Item 2. | Identity and Background. |
(a) | This statement is filed by: |
(i) | Google Capital 2016, L.P., a Delaware limited partnership (the Fund); |
(ii) | Google Capital 2016 GP, L.L.C., a Delaware limited liability company (the General Partner); |
(iii) | Google Inc., a Delaware corporation; and |
(iv) | Alphabet Inc., a Delaware corporation. |
Each of the foregoing is referred to as a Reporting Person and collectively as the Reporting Persons. The General Partner is the general partner of the Fund and exercises voting and investment power with respect to securities owned directly by the Fund. Google Inc. is the managing member of the General Partner, and Alphabet Inc. is the sole stockholder of Google Inc.

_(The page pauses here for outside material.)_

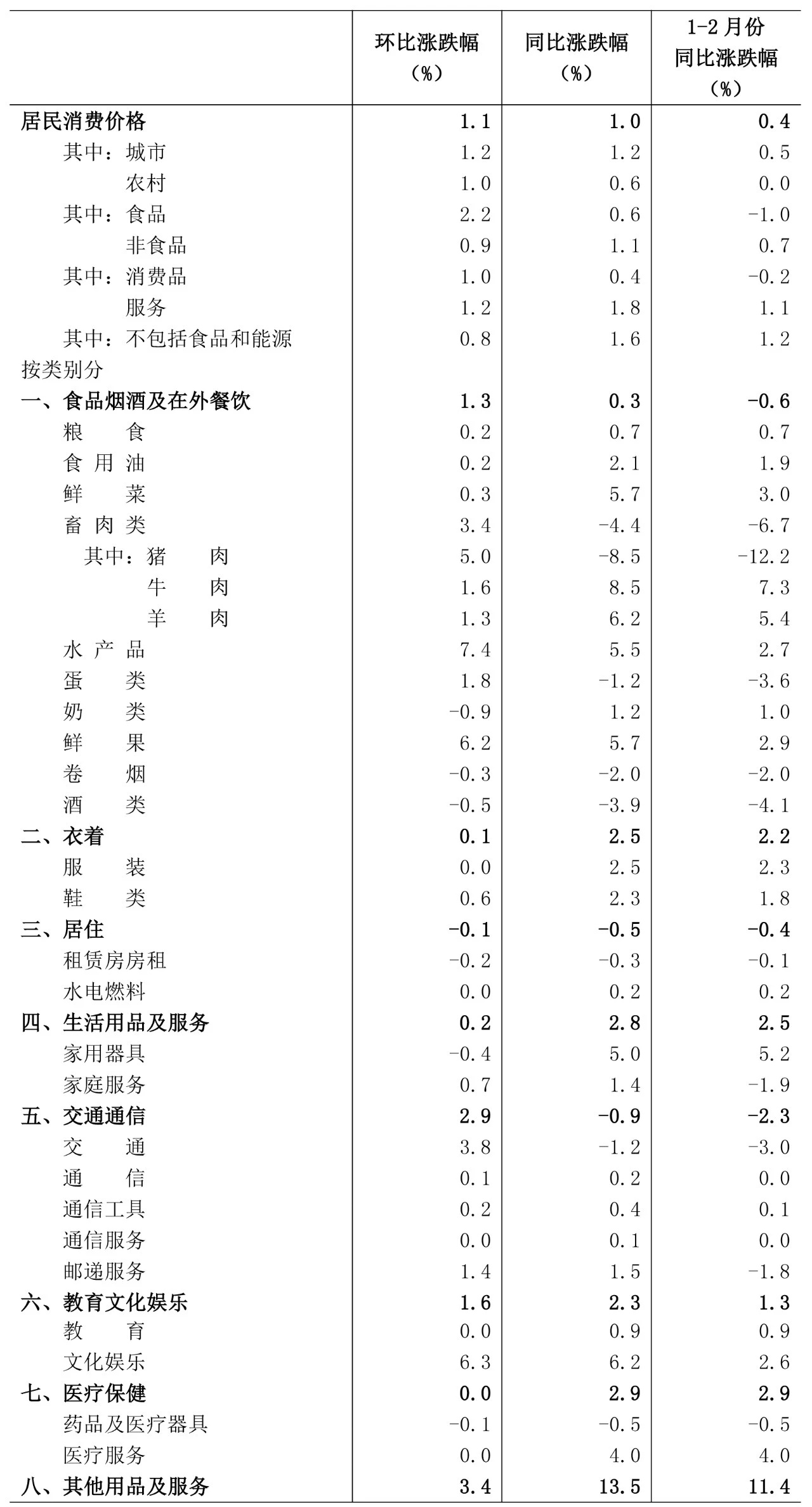 此外,受春节前后消费需求集中释放影响,“菜篮子”产品价格也有所上涨。2月份,猪肉价格环比上涨5%,鲜果价格环比上涨6.2%,鲜菜价格环比上涨0.3%。“鲜菜价格涨幅温和主要与近期气温偏暖有关,蔬菜生产形势良好。”上述负责人表示。

(b) | The business address of each of the Reporting Person is: |
1600 Amphitheatre Parkway
Mountain View, CA 94043
(c) | The present principal business of the Fund and the General Partner is the growth and later-stage venture capital and private equity investment business. Alphabet Inc. is a public holding company which includes the following businesses: Google, Verily, Calico, X, Nest, GV, Google Capital and Access/Google Fiber. The present principal business of Google Inc. is web search and advertising with core products such as Search, Android, Maps, Chrome, YouTube, Google Play and Gmail. |
(d) | No Reporting Person, during the last five years, has been convicted in a criminal proceeding (excluding traffic violations or similar misdemeanors). |
(e) | No Reporting Person, during the last five years, has been a party to a civil proceeding of a judicial or administrative body of competent jurisdiction and as a result of such proceeding was or is subject to a judgment, decree or final order enjoining future violations of, or prohibiting or mandating activities subject to, federal or state securities laws or finding any violation with respect to such laws. |
(f) | Citizenship of the Reporting Persons is as set forth below: |
The Fund | Delaware, United States of America | |
The General Partner | Delaware, United States of America | |
Google Inc. | Delaware, United States of America | |
Alphabet Inc. | Delaware, United States of America |
Item 3. | Source and Amount of Funds or Other Consideration. |
On June 29, 2016 (the Closing Date), pursuant to an investment agreement (the Investment Agreement), dated as of June 29, 2016, by and between the Fund and the Company, the Fund acquired an aggregate of 46,350 shares of Convertible Preferred Stock, Series A (Convertible Preferred Stock) of the Company for an aggregate purchase price of $46,350,000 (the Transaction). All shares of Convertible Preferred Stock were acquired with the Funds investment capital, contributed by Google Inc. and Alphabet Inc.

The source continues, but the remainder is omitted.